● Supplied material

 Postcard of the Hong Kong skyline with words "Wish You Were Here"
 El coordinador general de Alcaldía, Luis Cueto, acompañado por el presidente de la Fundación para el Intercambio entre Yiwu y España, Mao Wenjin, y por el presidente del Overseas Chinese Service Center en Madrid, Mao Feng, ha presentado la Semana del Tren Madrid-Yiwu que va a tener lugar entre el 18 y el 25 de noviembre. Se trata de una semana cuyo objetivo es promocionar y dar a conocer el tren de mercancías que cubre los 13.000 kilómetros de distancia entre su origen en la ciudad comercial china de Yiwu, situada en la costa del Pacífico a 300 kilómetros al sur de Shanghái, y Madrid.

...

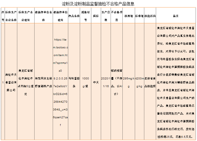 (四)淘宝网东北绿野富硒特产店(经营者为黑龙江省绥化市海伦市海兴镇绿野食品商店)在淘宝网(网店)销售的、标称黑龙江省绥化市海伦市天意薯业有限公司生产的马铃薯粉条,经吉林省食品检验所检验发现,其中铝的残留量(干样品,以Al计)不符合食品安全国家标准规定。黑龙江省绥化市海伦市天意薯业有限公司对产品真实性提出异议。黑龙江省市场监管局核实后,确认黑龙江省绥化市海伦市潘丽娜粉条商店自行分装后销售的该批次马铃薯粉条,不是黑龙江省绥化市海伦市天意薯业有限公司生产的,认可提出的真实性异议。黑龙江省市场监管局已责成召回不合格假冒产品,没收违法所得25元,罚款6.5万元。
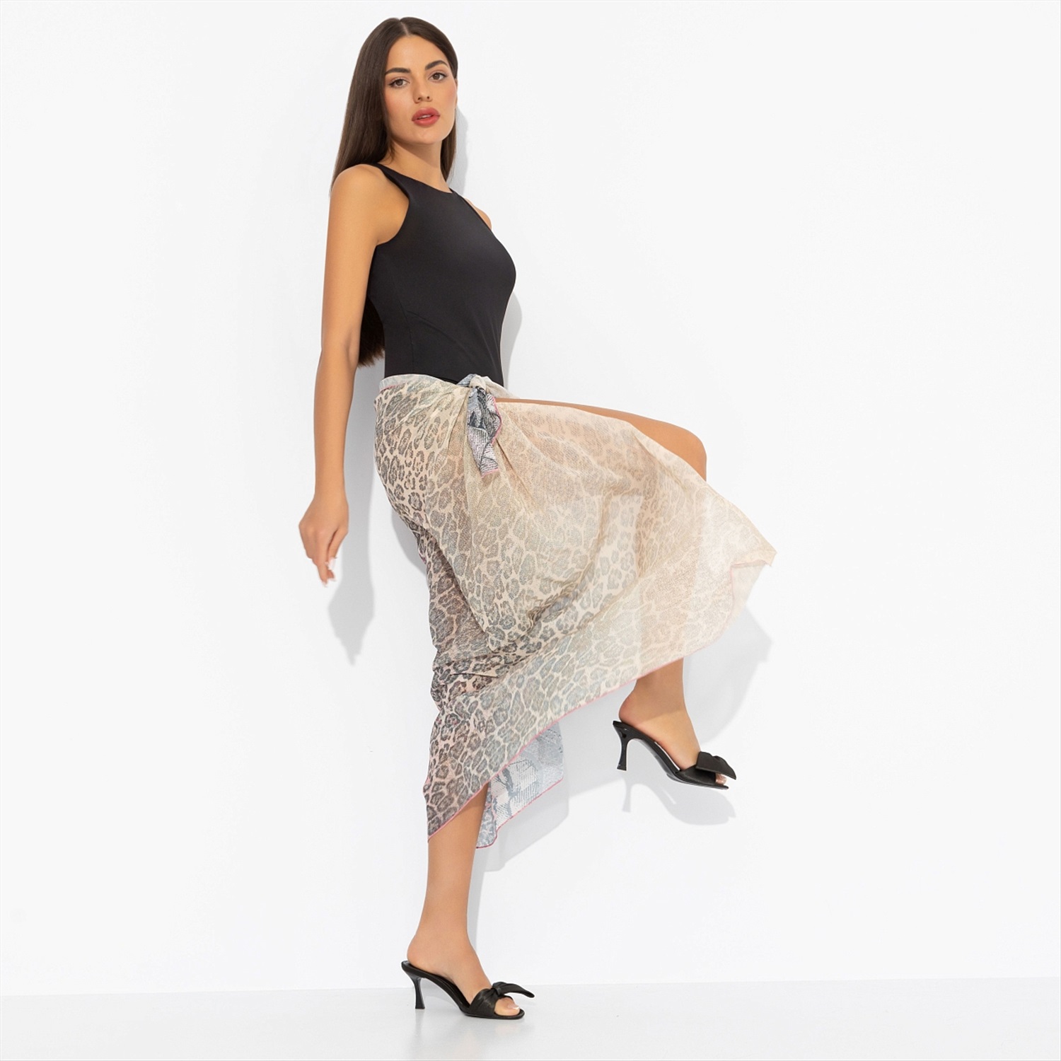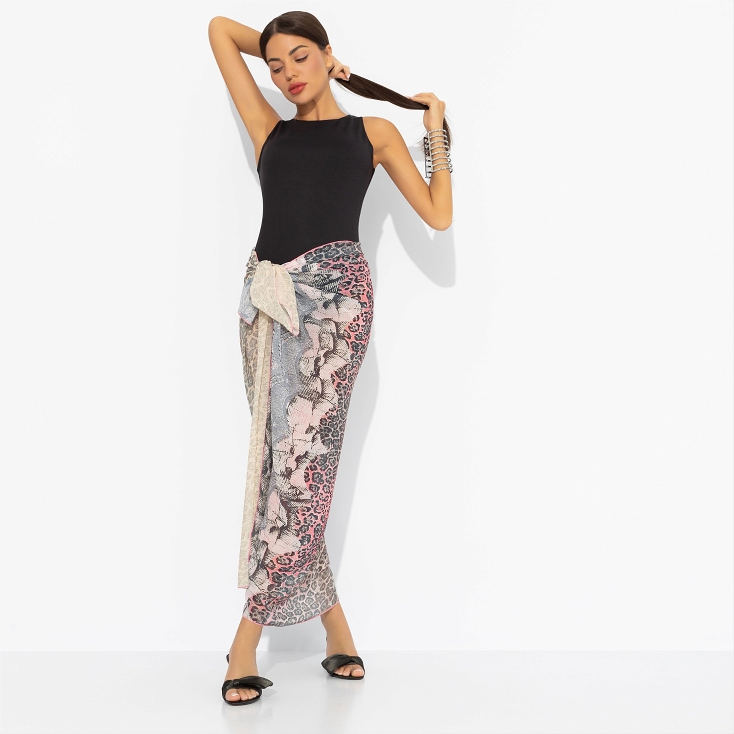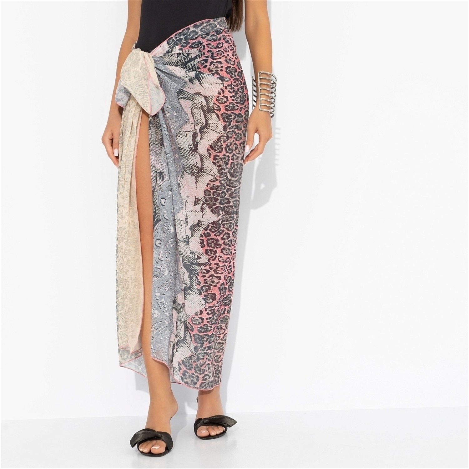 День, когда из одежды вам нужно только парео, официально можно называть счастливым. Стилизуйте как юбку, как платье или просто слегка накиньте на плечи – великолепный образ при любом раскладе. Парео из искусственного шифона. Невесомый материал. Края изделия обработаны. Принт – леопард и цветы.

...

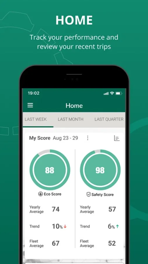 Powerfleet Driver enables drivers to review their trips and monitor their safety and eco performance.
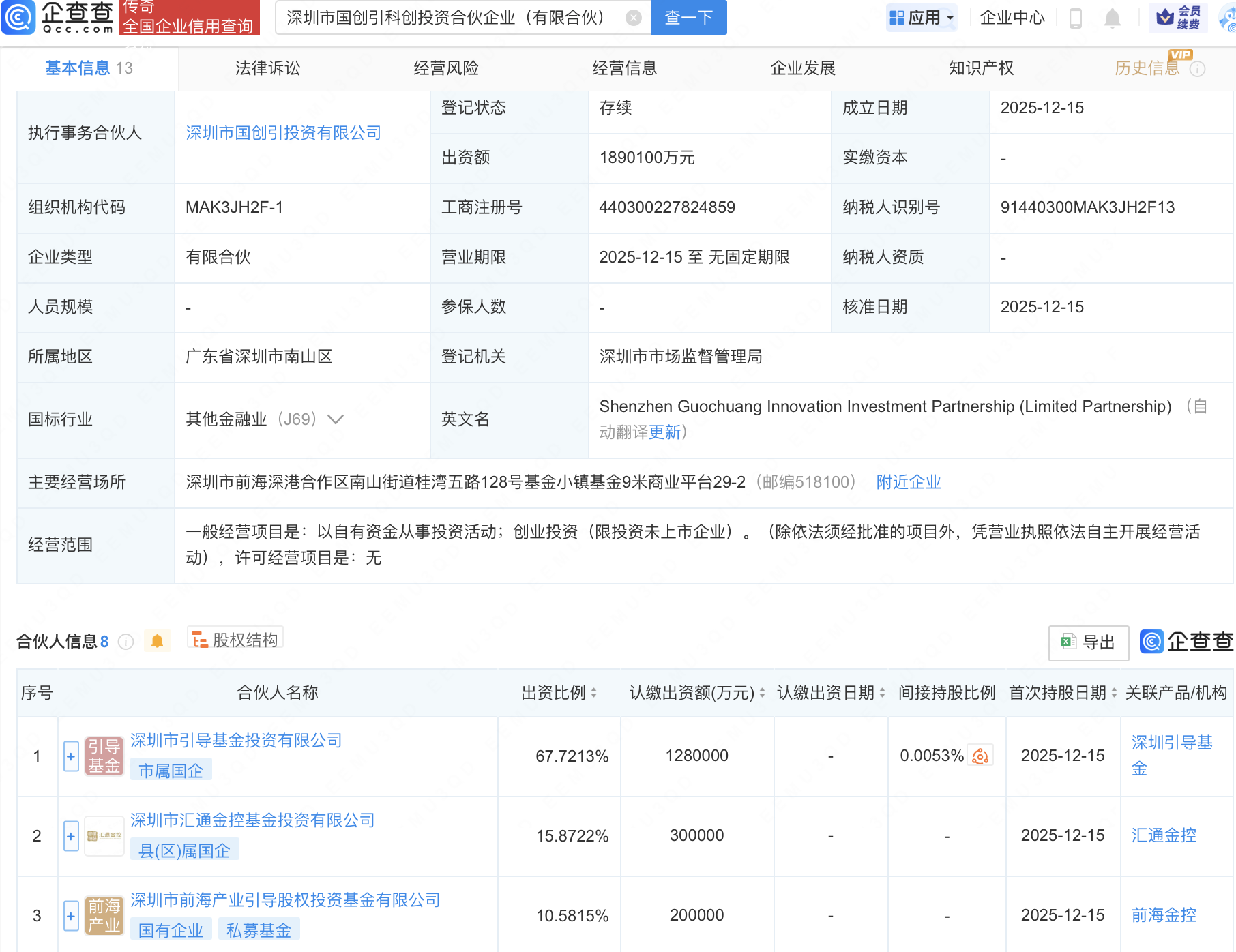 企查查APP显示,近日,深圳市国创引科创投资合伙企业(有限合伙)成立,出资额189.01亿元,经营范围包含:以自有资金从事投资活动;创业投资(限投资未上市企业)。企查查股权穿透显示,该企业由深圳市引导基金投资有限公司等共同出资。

● Prompt
Go back to the lines above and output, exactly as they stand, the ones from the line containing "(四)淘宝网东北绿野富硒特产" to the line containing "День, когда из". Leave all pictures behind.

● Reply to the task
 (四)淘宝网东北绿野富硒特产店(经营者为黑龙江省绥化市海伦市海兴镇绿野食品商店)在淘宝网(网店)销售的、标称黑龙江省绥化市海伦市天意薯业有限公司生产的马铃薯粉条,经吉林省食品检验所检验发现,其中铝的残留量(干样品,以Al计)不符合食品安全国家标准规定。黑龙江省绥化市海伦市天意薯业有限公司对产品真实性提出异议。黑龙江省市场监管局核实后,确认黑龙江省绥化市海伦市潘丽娜粉条商店自行分装后销售的该批次马铃薯粉条,不是黑龙江省绥化市海伦市天意薯业有限公司生产的,认可提出的真实性异议。黑龙江省市场监管局已责成召回不合格假冒产品,没收违法所得25元,罚款6.5万元。
 День, когда из одежды вам нужно только парео, официально можно называть счастливым. Стилизуйте как юбку, как платье или просто слегка накиньте на плечи – великолепный образ при любом раскладе. Парео из искусственного шифона. Невесомый материал. Края изделия обработаны. Принт – леопард и цветы.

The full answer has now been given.